どちらを選んでも、結局のところは一長一短。わざわざ選ぶ必要が無い。狭間の地に至る手掛かりが皆無である現状を思えば、余計に。
「……自分の進退に関わる事なんだから、少しは考えたらどうなんだ」
迷う素振りすら見せず、選択を放棄した褪せ人に対して、フィルヴィスは八つ当たりとばかりに噛み付く。
そんな彼女へ、褪せ人は人差し指を向けた。
「だったらお前が決めろ」
「…………は?」
「俺を見つけたのはお前だ」
唐突に告げられた言葉に、フィルヴィスは思わず素っ頓狂な声を漏らした。
己を受容し、共にダンジョンに挑戦する為の仲間とするか。
己を排斥し、今日起こった出来事を何もかも忘れてしまうか。
褪せ人が彼女に対して突き付けたのは、そのような二択。
「ディ、ディオニュソス様……」
フィルヴィスは狼狽えた。放り投げられた決定権を持て余し、縋るような面持ちでディオニュソスへ顔を向ける。

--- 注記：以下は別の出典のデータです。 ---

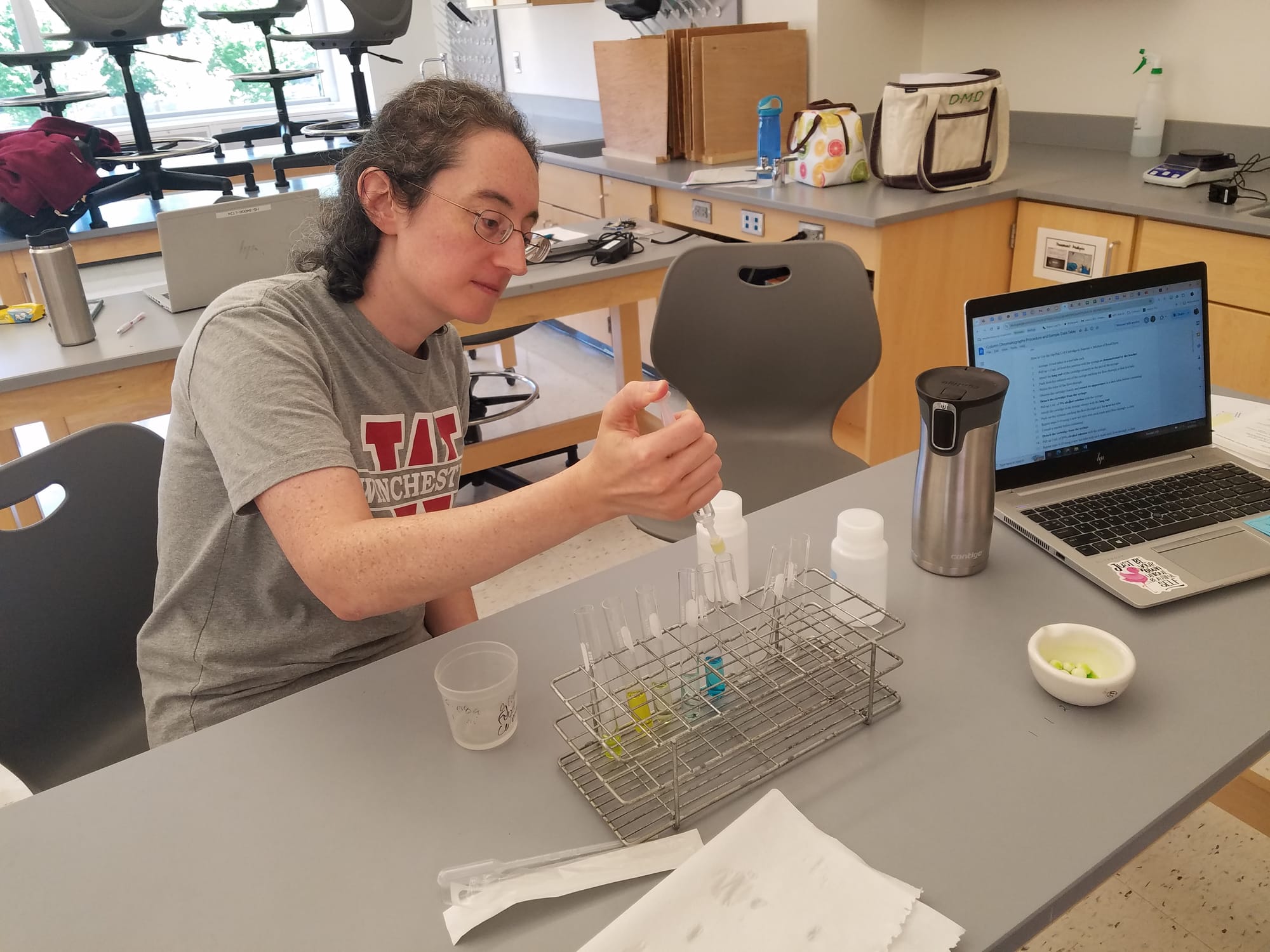 Chemistry teacher Diane Duke enthusiastically watched the liquid in her test tubes go from clear to blue and yellow. She hopes her students will have the same reactions.
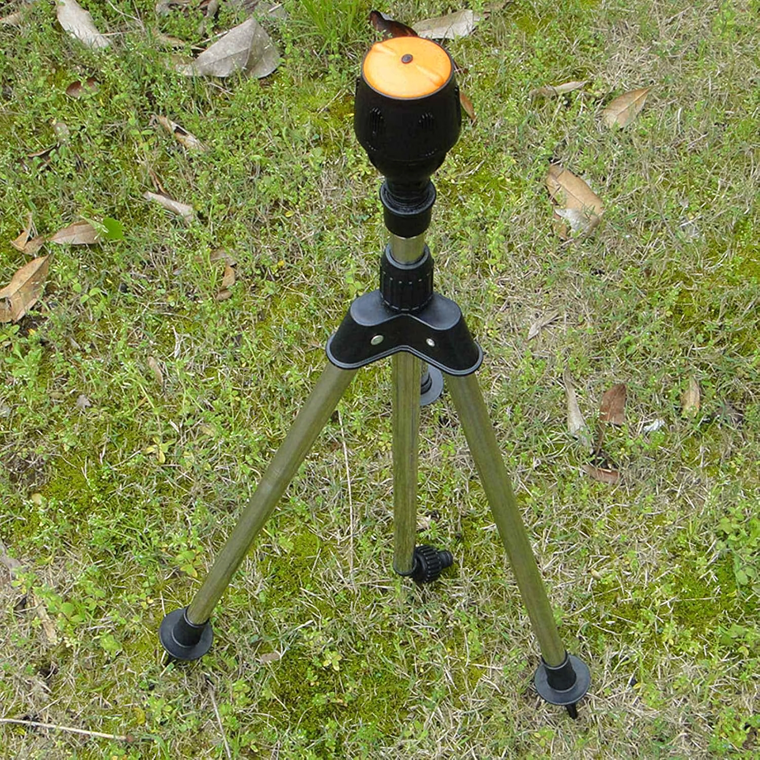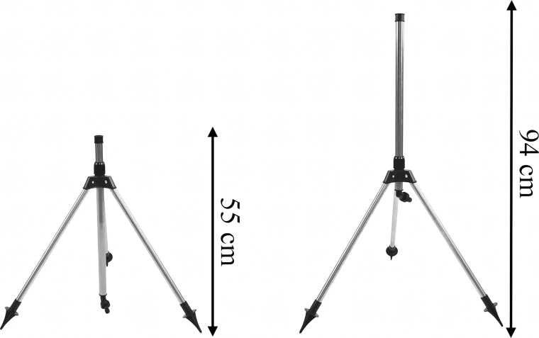 • Stabiles Dreibein-Stativ mit teleskopischen Beinen für sicheren Stand auf dem Rasen
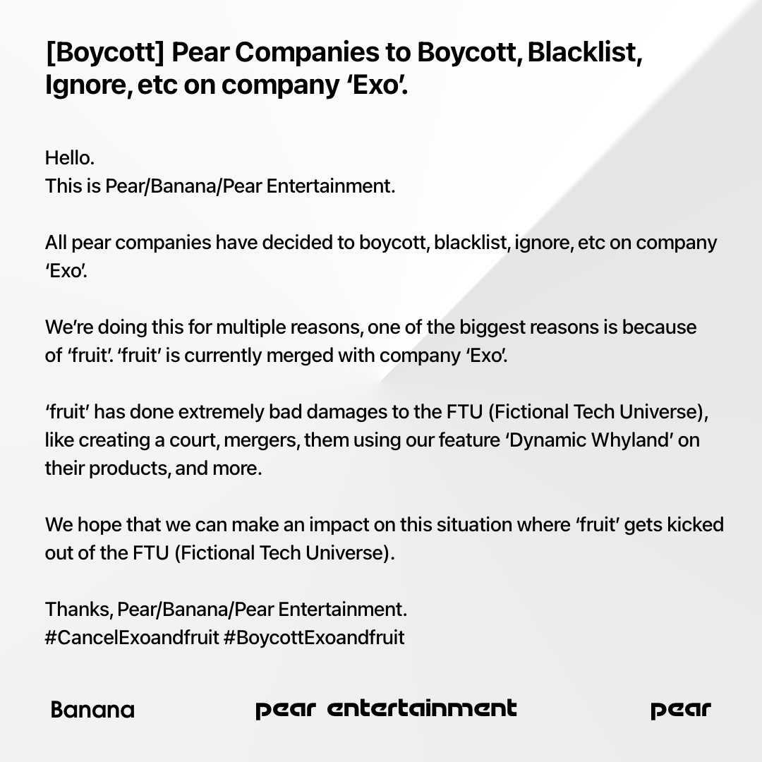 Hello.This is Pear/Banana/Pear Entertainment.All pear companies have decided to boycott, blacklist, ignore, etc on company ‘Exo’. We’re doing this for multiple reasons, one of the biggest reasons is because of ‘fruit’. ‘fruit’ is currently merge...

だが、彼は何も答えずに微笑むばかり。この話の渦中に居るのは、他ならぬフィルヴィス自身。故に、彼女が決めるというのは順当な流れだった。
「………………」
無機質な、色褪せた瞳が突き刺さる。どちらが選ばれるのか。その時を淡々と待ち構えている。
黄昏時。地平線に沈みゆく太陽と入れ替わるように、窓の外から小さな明かりが次々と点灯しだす。刻一刻と、夜の闇は近づいて来ていた。
けれど、この選択は、時間の流れのように過ぎ去ってはくれない。選ばなければ、話は先に進まず停滞したまま。
共感、反感、羨望、嫉妬、期待、不安。
息を吐いて、褪せ人を拒む理由を数える。息を吸って、褪せ人を受け入れる理由を数える。
「私は……私は──────」
そして、心の中の天秤が傾いた瞬間。フィルヴィスは意を決して口を開いた。